Все дело в характере. Ахматова вела себя, как царица. Не вдовствующая, а правящая… Года за два до этого я виделся в Париже с Паустовским, он мне признался, что в присутствии Ахматовой робеет, как школьник. И ничего не может с этим поделать. Я в полной мере оценил его впечатление, лишь встретившись с Ахматовой сам.

Кроме меня, она не захотела никого здесь видеть. Особенно свою французскую переводчицу. Объяснила мне так: „Та сочинила вздор, будто я была влюблена в Блока“. И ведь верно — это чистый вздор. Переводчица при мне ей позвонила — Ахматова сказала: „Я занята, и вообще у меня в Париже на вас нет времени. В Москве? Я там редко бываю. В Ленинграде? Когда приедете, позвоните, но ручаться, что мы увидимся, я не могу“. Так беспощадно могла отнестись к своей переводчице только Ахматова. Другие бы не решились. Я оценил то исключение, которое она сделала для меня. Тем более, что она дважды сочла необходимым сказать: „Я знала, что вы всегда не любили Гумилева“.

Она не стеснялась в оценке некоторых своих современниц. Несколько раз повторила: „Ненавижу Инбер и Шагинян“. Об Инбер говорила даже не с ненавистью, а скорее с презрением. Не могла ей простить ее гнусность. То, что та помешала Цветаевой получить место в елабужской столовой. То есть просто сунула ее в петлю. Хотя о самой Цветаевой говорила довольно сухо. (Я напомнил, что Цветаевой Ахматова посвятила несколько совсем не „сухих“ стихотворений.) Может быть, может быть… Но говорила сухо.

Про наши отношения с Цветаевой создано много легенд, мало похожих на истину. Мы практически почти не встречались, разве что на общих собраниях и вечерах, и это огорчительно. Впрочем, об этом есть мои стихи. („Они хорошо известны“, — подтвердил я. Он был тронут. Помолчал.) Цветаева — значительный поэт, а прозаик просто превосходный. Но я не все мог принять, не все…

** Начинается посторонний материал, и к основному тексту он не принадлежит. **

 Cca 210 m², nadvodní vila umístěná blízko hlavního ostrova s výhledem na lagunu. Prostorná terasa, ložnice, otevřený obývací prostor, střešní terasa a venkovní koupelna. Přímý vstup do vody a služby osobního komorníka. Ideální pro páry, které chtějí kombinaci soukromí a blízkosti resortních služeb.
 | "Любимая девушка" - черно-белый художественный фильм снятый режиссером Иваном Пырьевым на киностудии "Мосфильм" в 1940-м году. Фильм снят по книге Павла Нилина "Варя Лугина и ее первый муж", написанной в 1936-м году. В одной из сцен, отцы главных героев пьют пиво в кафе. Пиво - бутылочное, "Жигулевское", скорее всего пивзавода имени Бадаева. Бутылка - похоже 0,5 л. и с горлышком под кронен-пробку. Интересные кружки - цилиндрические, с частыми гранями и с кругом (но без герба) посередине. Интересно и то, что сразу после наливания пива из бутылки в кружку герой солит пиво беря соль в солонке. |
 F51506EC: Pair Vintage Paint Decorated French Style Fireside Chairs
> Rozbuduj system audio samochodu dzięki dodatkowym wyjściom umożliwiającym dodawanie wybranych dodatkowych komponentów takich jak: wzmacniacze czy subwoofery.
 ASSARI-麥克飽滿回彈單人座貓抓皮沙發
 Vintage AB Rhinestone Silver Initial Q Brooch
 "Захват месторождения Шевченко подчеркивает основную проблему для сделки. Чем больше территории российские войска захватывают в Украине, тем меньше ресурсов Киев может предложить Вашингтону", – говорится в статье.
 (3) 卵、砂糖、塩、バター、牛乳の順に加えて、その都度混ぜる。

(Впоследствии в печати появились сообщения, что Адамович полностью пересмотрел свое прежнее отношение к Цветаевой, отказался от того, что писал раньше о ее стихах. За воспроизведение его новых, устно высказанных оценок несут ответственность те мемуаристы, которые это утверждают. Я привожу точную запись, сделанную мною непосредственно в ходе беседы с Георгием Викторовичем Адамовичем.)

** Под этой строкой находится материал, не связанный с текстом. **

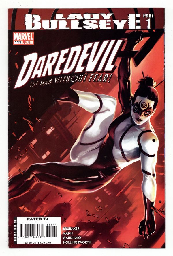 Cover by Marko Djurdjevic. Lady Bullseye: Part 1 of 5 - Written by Ed Brubaker Penciled by CLAY MANN. Be there when Matt Murdock first encounters a shocking new face -- Lady Bullseye! Who is she? Where did she come from? What does she want? And will she be a foe to Daredevil...or a friend? We can't make a peep yet, but it's the perfect jumping-on point as an alarming new chapter begins in the acclaimed DAREDEVIL run by Ed Brubaker and Michael Lark! LADY BULLSEYE!! 32 PGS./Rated T+ Cover price $2.99.
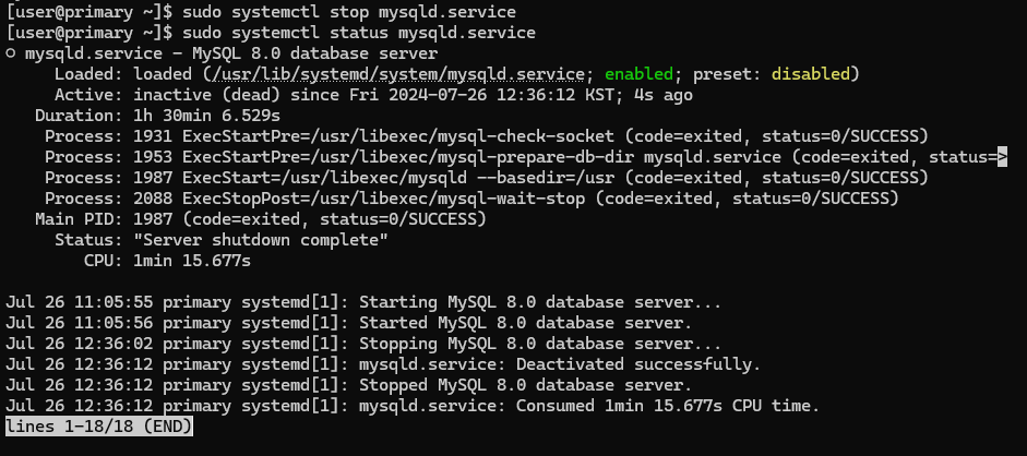 auto failover 테스트를 위해 primary의 mysqld서비스를 stop합니다.
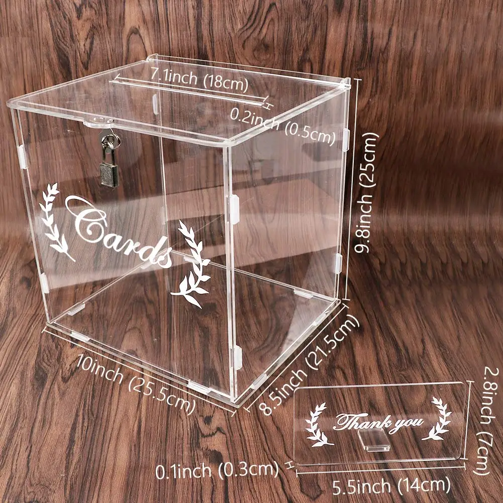 Материал: акрил Цвет: прозрачный Складная конструкция легко собирается, и вы получите счастье своими руками. Вы также можете покрасить его в любой цвет, который вам нравится С замком (двумя ключами) более безопасно для защиты денег или карт Размеры Размер коробки: 10 дюймов x 9,8 дюймов x 8,5 дюймов Знак: 5.5in x 2.8in x 0.1in. Вес: 1466 г (3,23 фунта)
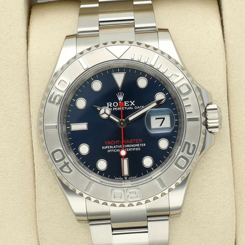 De Yacht-Master is uitgegroeid tot een iconisch horloge binnen de high-end horlogerie. Dankzij de robuuste constructie en eersteklas materialen is dit model bestand tegen zelfs de meest extreme omstandigheden op het water. Tegelijkertijd zorgt het verfijnde ontwerp voor een uitzonderlijke veelzijdigheid, waardoor dit horloge zich moeiteloos laat dragen in het dagelijks leven – thuis, onderweg of op kantoor.

Получил недавно одно письмо из России — мне пишут, что я не понял ее стихи. Здесь тоже меня упрекали ее поклонники, причем еще очень давно: не понял, не понял! Почему же не понял? Что в них есть такого, что мне не под силу понять? У Цветаевой был дух противоречия — и в жизни, и в творчестве. Она постоянно носила маску — опять же: и в жизни, и в стихах, создавала впечатление, будто ее испепеляет какой-то внутренний огонь. Ее потенциал, мне казалось, был меньше поэтических амбиций, и поэтому она должна была все время искусственно поддерживать гаснущий пламень. Отсюда надрыв, судорога в ее стихах. У нее много откровенно слабых стихов, гораздо больше, чем может себе позволить крупный поэт. Поверьте, я относился к ней с полным уважением, с пониманием значительности ее дарования. И жалел ее, особенно после истории с Эфроном, — она тогда очень страдала, нуждалась в сочувствии и ждала его.

Сейчас, когда есть возможность прочитать и осмыслить ее творчество с дистанции времени, я вижу, что ее потенциал гораздо больше, чем мне тогда казалось и чем он проявился в ее стихах И все равно: в литературе должен остаться поэт, а не миф о поэте. Опасность мифотворчества существует, истоки ее мне понятны. Очень, очень большое значение имеет трагическая судьба. Она неизбежно оказывает влияние на восприятие и самих стихов. Тот, кто искренне полагает, будто оценивает стихи Цветаевой сами по себе, в отрыве от ее судьбы, заблуждается. Он держит эту судьбу в своем подсознании…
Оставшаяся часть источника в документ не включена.